Managing side effects
- Regular exercise, particularly activities that involve your bones holding your body’s weight, such as walking, can also help to minimise your chance of developing osteoporosis.
- You should also ensure that you obtain adequate calcium in your diet and avoid smoking and excessive alcohol consumption.
- Because steroids might promote weight gain or an increase in hunger, it’s critical to monitor your weight while using them.
- Making healthy eating choices and including physical activity into your daily routine should help you prevent gaining weight.
- Steroids can cause bone weakness, which can lead to osteoporosis. This syndrome increases your chances of breaking a bone, even after mild falls or bumps.
- To assist avoid this, your doctor may suggest you to take bisphosphonates, or calcium and vitamin D supplements, in addition to the steroids.
Effects on other treatments
- Steroids can be used with other medications. Some drugs, however, can interfere with steroids, so talk to your doctor before starting any new prescriptions, and tell anybody else who is treating you what you’re taking.
- Do not use over-the-counter or herbal medicines without first seeing your doctor, rheumatology nurse, or pharmacist.

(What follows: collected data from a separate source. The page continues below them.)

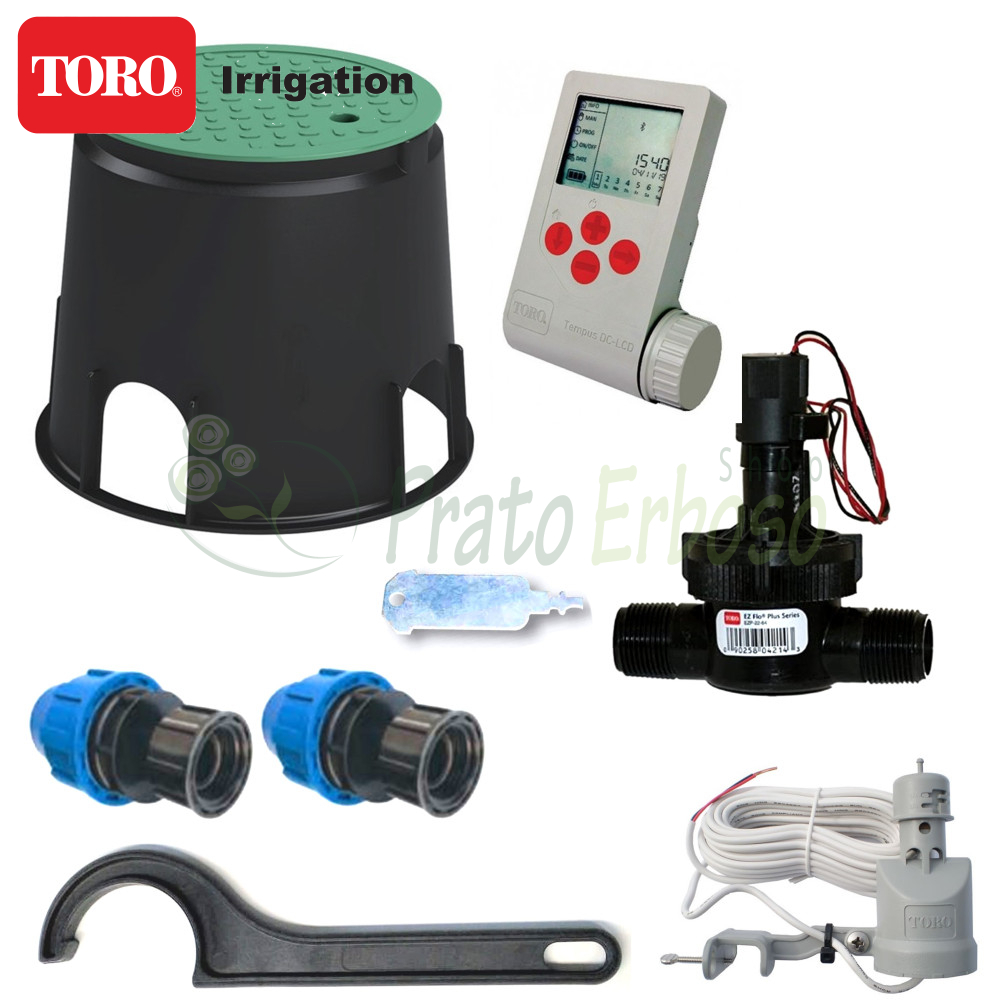 The kit contains everything needed, except the sprinklers, to automatically water 1 irrigation sector with Toro Irrigazione primary components.
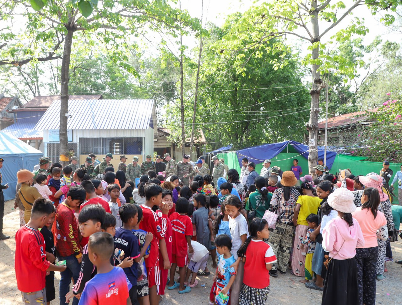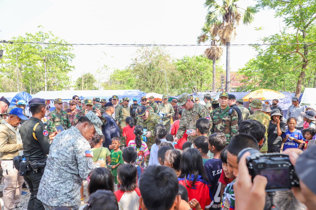 Following the visit to Prey Chan Village and the Boeng Trakuon Pass area on Wednesday, March 4, 2026, at 2:41 p.m., the Ministry of National Defence of the Kingdom of Cambodia continued coordinating a visit for Foreign Military Attachés from 12 countries. The delegation visited Cambodian displaced persons currently residing at a camp at Kandaol Pagoda, Thmar Pouk District, Banteay Meanchey Province. A total of 1,632 families (approximately 5,000 people) remain unable to return to their homes due to the illegal occupation of certain Cambodian territories, the installation of barbed wire and shipping containers by the Thai military. Many local homes have also been destroyed.
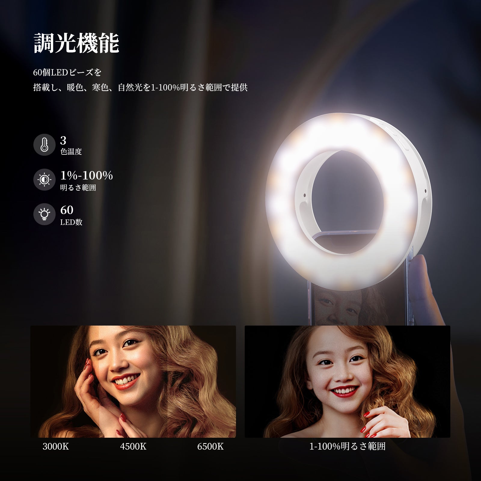 - 【精密な調光機能】N28 自撮りライトは60個の高品質LEDを搭載し、暖色・寒色・自然光の3色モードと1%~100%まで細やかな調光機能で、あらゆる肌のトーンを美しく整え、正確な色彩再現を実現します。TikTok/YouTube動画制作、日常の動画収録、ライブ配信、メイクアップ撮影まで、多彩なシーンで活躍します。
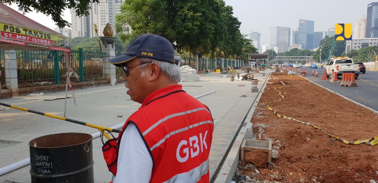 Menteri PUPR saat meninjau progres pembangunan pekerjaan di Kompleks GBK dan trotoar…
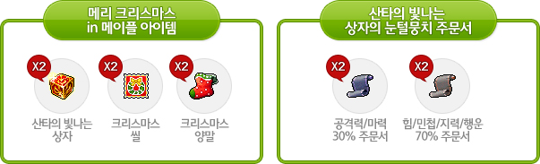 First off, the chance of getting Santa’s Shiny Boxes, Christmas Seals, and Magical Christmas Stockings has been increased 2x! Also, you will 2 times the Snowball Scrolls from the boxes~
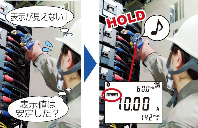 表示部が見えず、ホールドボタンを押しにくい場合に役立ちます。
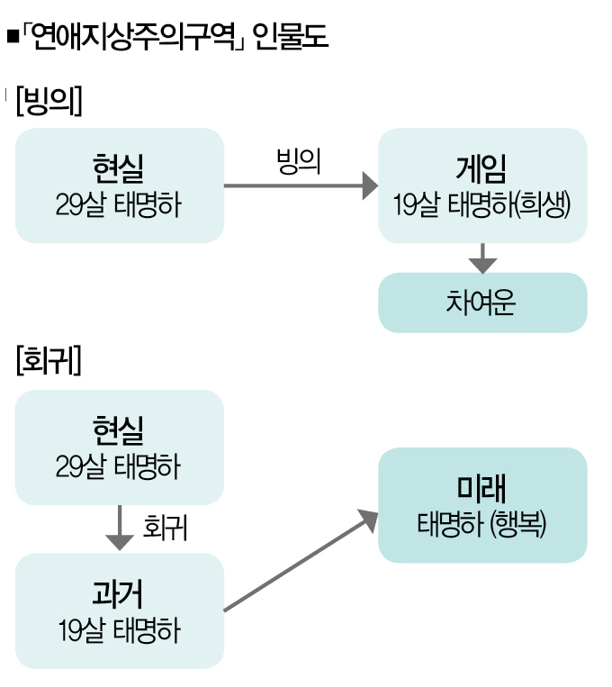 웹소설 하면 흔하게 떠오르는 3가지 코드가 있다. 회귀, 빙의, 환생, 줄여서 회빙환이다. 이제는 웹소설에서 거의 공식으로 읽힐 만큼 유행이 된 소재들이다. 이 소재를 접했을 때 독자들은 주인공의 빠른 성장과 성취를 기대한다. 「연애지상주의구역」은 다르다. 회귀와 빙의라는 일종의 치트키가 ‘빠른 전개’와는 거리가 있다.
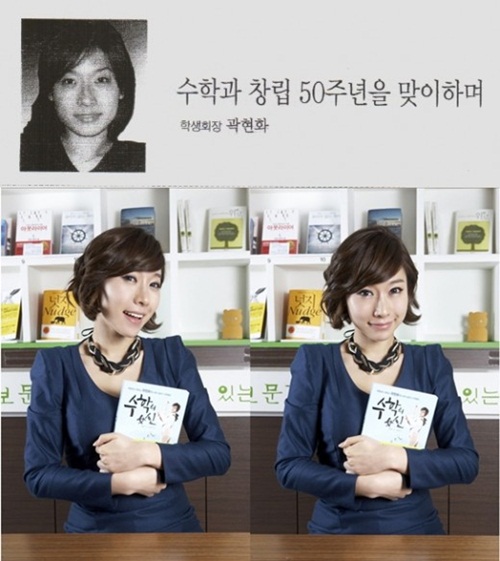 URL복사 기사공유하기 스크랩 프린트 메일보내기 글씨키우기 ‘이대 나온 여자’로 유명한 개그우먼 곽현화가 대학시절 사진을 공개했다.곽현화는 최근 자신의 미투데이에 “학생회장 시절 이화여대 수학과 50주년 기념글을 발견했다”는 글과 함께 과거 사진을 게재했다. 이화여대 수학과 학생회장 출신인 곽현화는 “큰 마음먹고 공개하는 거에요. 알아요. 전 지금이 제일 예쁜 것 같아요”라고 밝혔다.한편 곽현화는 최근 연예인 최초로 수학책 ‘수학의 신’을 집필해 엄친딸로서의 면모를 과시했다. 저작권자 © 소비자가 만드는 신문 무단전재 및 재배포 금지 온라인 뉴스팀 다른기사 보기 URL복사 기사공유하기 주요기사 "상담사 말대로 문 앞에 뒀는데 분실"…통신장비 위약금 부과 분통 배달앱 다회용기 서비스 늦장 회수로 불만 폭증 손보사들 '간병보험 특약' 출혈경쟁 괜찮나?...손해율 경고등 GS리테일 '25조 매출 목표' 절반 못 미쳐...해외 확장도 공수표 '수수료 완전 무료' 메리츠증권, 해외주식 거래 1.2조→160조 폭증 현대차, 중국 판매 '79만대→16만대' 추락 끝났나?...7년 만에 반등
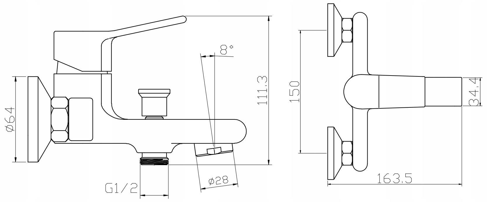 Смеситель для ванны 15х11 см настенный ПРОСТОЙ ХРОМ

- Some of the medicines listed below may interact with steroids, so inform your doctor if you are taking any of them:
- blood thinners or anticoagulants, such as warfarin
- medications for epilepsy, such as phenytoin or carbamazepine,
- diabetes drugs Xofigo, a prostate cancer treatment
- If you’re taking steroid pills, you should avoid live vaccines like yellow fever.
- A live vaccine may be required in some cases, but your doctor will discuss the potential dangers and benefits with you, and it may depend on the dose of steroids you’re taking.
- It is OK to receive immunizations while using a steroid cream, but you must inform the person administering the injection to avoid the area being treated with the cream.
- If you’re on a modest dose of steroids, you might be able to have the live shingles vaccination (Zostavax). There is also a non-live shingles vaccine (Shingrix) that you may be able to use instead. Your medical staff will be able to advise you on this.
- Because they are not live vaccinations, the vaccine against the most prevalent cause of pneumonia and the yearly flu vaccine do not interact with steroid pills.
- It is critical that you obtain these immunizations in order to lower your risks of contracting certain infections.